Ashten sighed audibly, and restarted. “Leather Wings.” He wasn’t impressed by the title, but continued.
“The summer of 1398. Not an extremely good year for me. Lord Cliffton was out of the country, waging war on the nearest country and sending out soldiers to hunt me down because I had tried to persuade him to not engage into war. It kind of came out the wrong way, I may have used the words ‘unprepared’ , ‘stupid idea’ , and the phrase ‘have you seriously got nothing in your head other than dead flies?’ Hah. Didn’t really turn out the way I had expected.” Ashten looked up from the page at his peers. A horizontal line marked the end of the section of the story.
“Continue, Mr. Salas.” Said Mr. Dodds in an irritated voice. Ashten knew better than to get on Mr. Dodds’ bad side, so he read on.
“Horizontal line,” said Ashten, earning himself a few sniggers from Logan. He grinned at his friend.
“Enough, Mr. Jackson. That was not necessary, Mr. Salas. You are beginning to cross the line of my temper.” Logan shut up immediately, Maria smiled wickedly and Ashten averte his gaze sullenly back to the tome.
“I ran, I ran and ran and ran until they were out of my sight. Those sallow faced bastards would never be able to get me now (please excuse my language). As I slowed down, panting, I could still hear some furious shouts.

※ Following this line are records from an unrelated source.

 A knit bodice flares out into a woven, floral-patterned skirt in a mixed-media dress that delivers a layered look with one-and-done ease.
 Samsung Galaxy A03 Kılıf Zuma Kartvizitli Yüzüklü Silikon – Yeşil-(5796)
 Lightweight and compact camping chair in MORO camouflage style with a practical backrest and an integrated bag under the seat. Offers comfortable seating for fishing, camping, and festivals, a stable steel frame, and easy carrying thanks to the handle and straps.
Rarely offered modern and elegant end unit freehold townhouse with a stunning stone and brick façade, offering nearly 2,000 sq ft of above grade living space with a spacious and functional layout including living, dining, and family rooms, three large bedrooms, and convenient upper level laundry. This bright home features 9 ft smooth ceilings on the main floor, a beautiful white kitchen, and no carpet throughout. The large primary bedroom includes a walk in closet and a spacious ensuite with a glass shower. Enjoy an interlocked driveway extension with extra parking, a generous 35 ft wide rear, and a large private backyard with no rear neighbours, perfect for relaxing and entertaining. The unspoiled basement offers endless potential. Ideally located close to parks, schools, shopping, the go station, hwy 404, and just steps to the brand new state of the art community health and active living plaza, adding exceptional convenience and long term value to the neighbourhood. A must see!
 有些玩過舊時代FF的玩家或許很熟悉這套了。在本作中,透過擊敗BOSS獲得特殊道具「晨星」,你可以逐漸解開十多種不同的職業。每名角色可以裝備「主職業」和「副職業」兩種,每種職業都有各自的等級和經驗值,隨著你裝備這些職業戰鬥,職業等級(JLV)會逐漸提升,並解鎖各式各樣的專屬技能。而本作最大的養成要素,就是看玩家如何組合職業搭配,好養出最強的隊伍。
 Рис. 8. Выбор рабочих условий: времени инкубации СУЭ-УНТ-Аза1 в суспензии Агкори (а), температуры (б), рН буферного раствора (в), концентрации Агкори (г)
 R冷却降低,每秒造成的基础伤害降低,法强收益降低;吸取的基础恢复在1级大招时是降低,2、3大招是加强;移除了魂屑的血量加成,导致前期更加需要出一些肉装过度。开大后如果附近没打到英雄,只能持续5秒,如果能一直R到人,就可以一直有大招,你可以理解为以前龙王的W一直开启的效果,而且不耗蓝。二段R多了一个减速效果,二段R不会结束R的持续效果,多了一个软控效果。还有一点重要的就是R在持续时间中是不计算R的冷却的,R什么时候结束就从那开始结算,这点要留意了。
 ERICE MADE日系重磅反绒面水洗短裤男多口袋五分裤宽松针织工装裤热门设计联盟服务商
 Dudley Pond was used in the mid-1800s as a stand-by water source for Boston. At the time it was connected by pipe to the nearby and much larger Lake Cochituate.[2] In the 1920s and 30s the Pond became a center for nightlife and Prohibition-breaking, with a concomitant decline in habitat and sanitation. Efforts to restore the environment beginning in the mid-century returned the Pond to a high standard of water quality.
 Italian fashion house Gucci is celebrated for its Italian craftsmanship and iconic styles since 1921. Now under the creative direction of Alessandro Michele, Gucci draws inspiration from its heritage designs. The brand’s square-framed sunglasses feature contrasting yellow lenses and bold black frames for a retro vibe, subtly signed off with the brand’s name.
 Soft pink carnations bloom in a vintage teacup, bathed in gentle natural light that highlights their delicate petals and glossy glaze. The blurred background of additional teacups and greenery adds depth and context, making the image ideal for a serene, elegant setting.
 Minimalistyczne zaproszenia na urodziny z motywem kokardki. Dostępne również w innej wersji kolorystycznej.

Street ruffians. The bad ones. I was one of them, but I didn’t go around harassing people and handing out death threats whilst fingering a dagger for their money.
I let out a long, wheezy breath and stood, folded over, my hands on my knees as I paused to regain my breath.
Convinced that I had lost them, I strutted ahead at a brisk pace through the somber, coniferous trees of the Underwood, pleased with myself. I wiped my sweaty palms clean on the floaty, dirty fabric of my clothing, my leather shoes making almost no sound against the rotting, leafy forest floor. Faint sunlight filtered through the pine needles, dappling the trees with a pale golden color.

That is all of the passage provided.